> INFORMATION SUPPLIED:
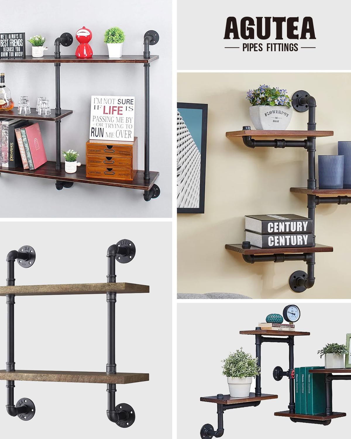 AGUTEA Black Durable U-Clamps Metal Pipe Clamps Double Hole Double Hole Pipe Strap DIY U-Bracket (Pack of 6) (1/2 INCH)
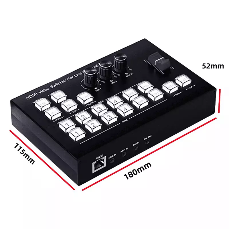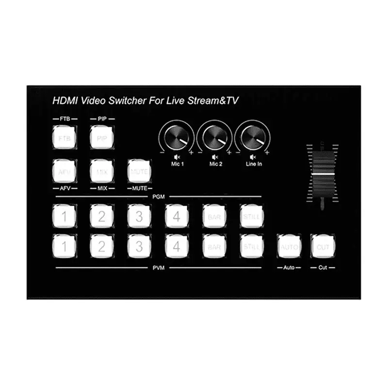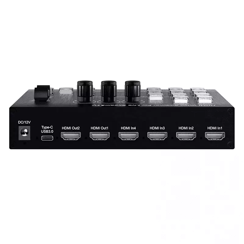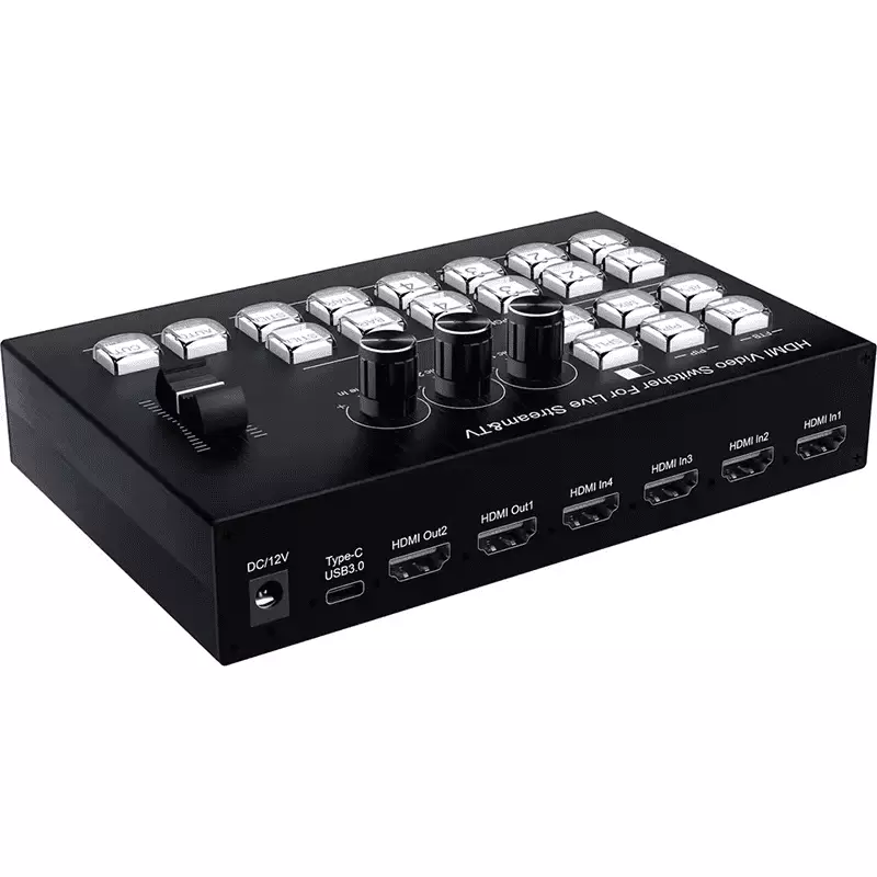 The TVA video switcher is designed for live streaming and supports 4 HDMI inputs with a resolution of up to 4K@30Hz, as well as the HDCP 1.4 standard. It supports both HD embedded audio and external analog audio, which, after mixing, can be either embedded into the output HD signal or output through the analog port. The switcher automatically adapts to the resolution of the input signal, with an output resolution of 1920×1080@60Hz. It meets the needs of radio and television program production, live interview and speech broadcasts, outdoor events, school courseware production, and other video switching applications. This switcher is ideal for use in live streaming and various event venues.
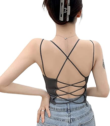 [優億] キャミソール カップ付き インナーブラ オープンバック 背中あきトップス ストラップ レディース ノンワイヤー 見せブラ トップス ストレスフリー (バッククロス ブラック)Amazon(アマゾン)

> TASK DIRECTIONS:
Each line of the data above must be repeated exactly, images excluded.

> TASK RESULT:
 AGUTEA Black Durable U-Clamps Metal Pipe Clamps Double Hole Double Hole Pipe Strap DIY U-Bracket (Pack of 6) (1/2 INCH)
 The TVA video switcher is designed for live streaming and supports 4 HDMI inputs with a resolution of up to 4K@30Hz, as well as the HDCP 1.4 standard. It supports both HD embedded audio and external analog audio, which, after mixing, can be either embedded into the output HD signal or output through the analog port. The switcher automatically adapts to the resolution of the input signal, with an output resolution of 1920×1080@60Hz. It meets the needs of radio and television program production, live interview and speech broadcasts, outdoor events, school courseware production, and other video switching applications. This switcher is ideal for use in live streaming and various event venues.
 [優億] キャミソール カップ付き インナーブラ オープンバック 背中あきトップス ストラップ レディース ノンワイヤー 見せブラ トップス ストレスフリー (バッククロス ブラック)Amazon(アマゾン)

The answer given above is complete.